• About this exercise: The answer must be the lines from the one that holds "De bal is verkrijgbaar" through the final line of the data, copied exactly, with no pictures.

• Recorded data:
◆ ◆ ◆ ◆

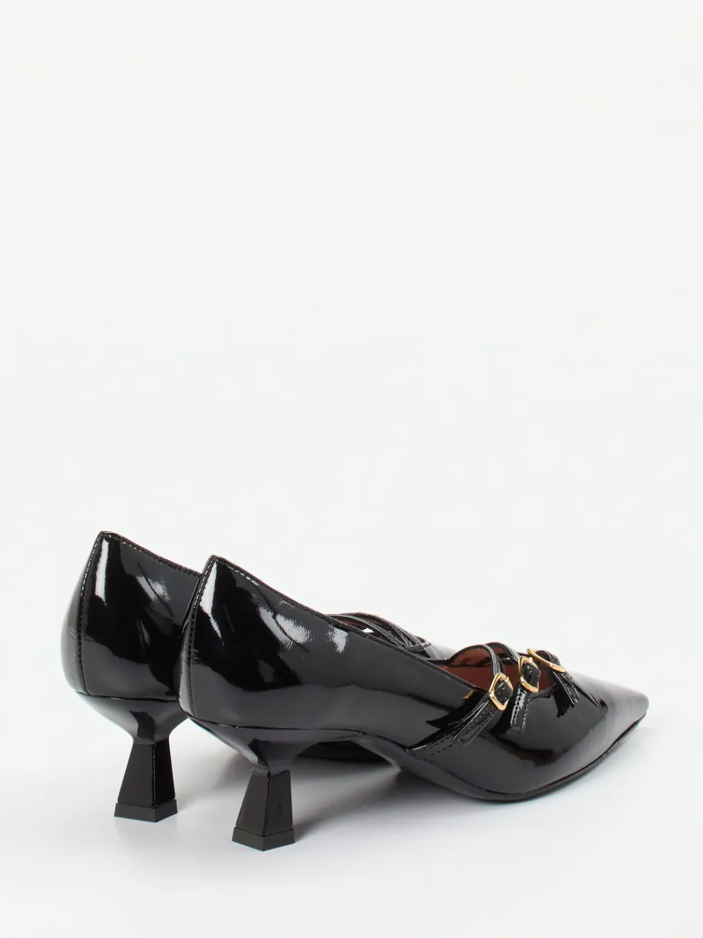 Konstantin Starke interpretiert klassische Damenpumps neu: Diese Spangenpumps überzeugen durch ihre schwarz-glänzende Lacklederoptik und feminine Silhouette.
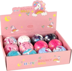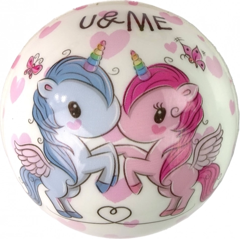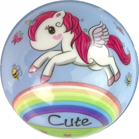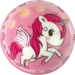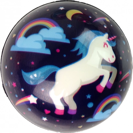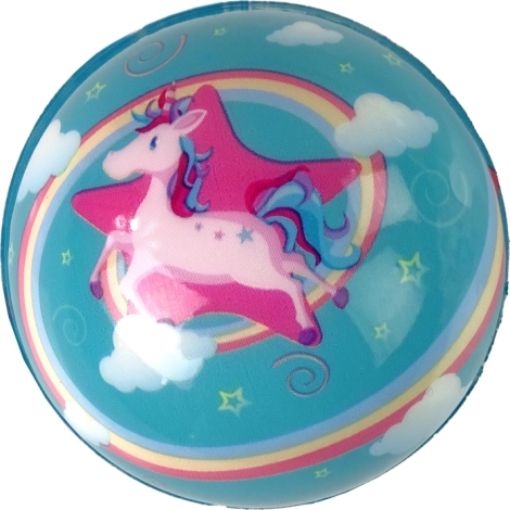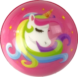 De bal is verkrijgbaar met een eenhoornmotief in verschillende kleuren, zoals lichtroze, donkerroze, zwart, wit, blauw en turquoise. In de verpakking zit één speelgoedbal met een diameter van 8 cm; reken 1–2 cm extra voor de verpakking.
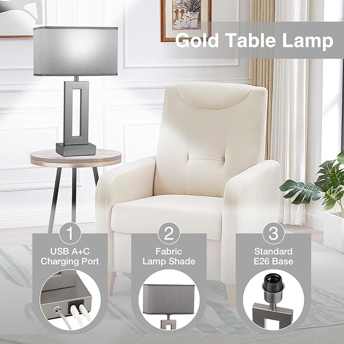 - 【Upgraded USB C+A】No more searching for outlets or sacrificing desk space. Our gold lamp's USB port is discreetly tucked away on the back, ensuring a sleek appearance while providing charging capabilities. This touch lamp boasts USB-C+A port on nightstand lamp base. This allows you to effortlessly charge two devices simultaneously, be it your phone or any other devices. What's even more convenient is that the USB ports remain operational regardless of the nightstand lamp is turned on or off.

◆ ◆ ◆ ◆

• Exercise result:
 De bal is verkrijgbaar met een eenhoornmotief in verschillende kleuren, zoals lichtroze, donkerroze, zwart, wit, blauw en turquoise. In de verpakking zit één speelgoedbal met een diameter van 8 cm; reken 1–2 cm extra voor de verpakking.
 - 【Upgraded USB C+A】No more searching for outlets or sacrificing desk space. Our gold lamp's USB port is discreetly tucked away on the back, ensuring a sleek appearance while providing charging capabilities. This touch lamp boasts USB-C+A port on nightstand lamp base. This allows you to effortlessly charge two devices simultaneously, be it your phone or any other devices. What's even more convenient is that the USB ports remain operational regardless of the nightstand lamp is turned on or off.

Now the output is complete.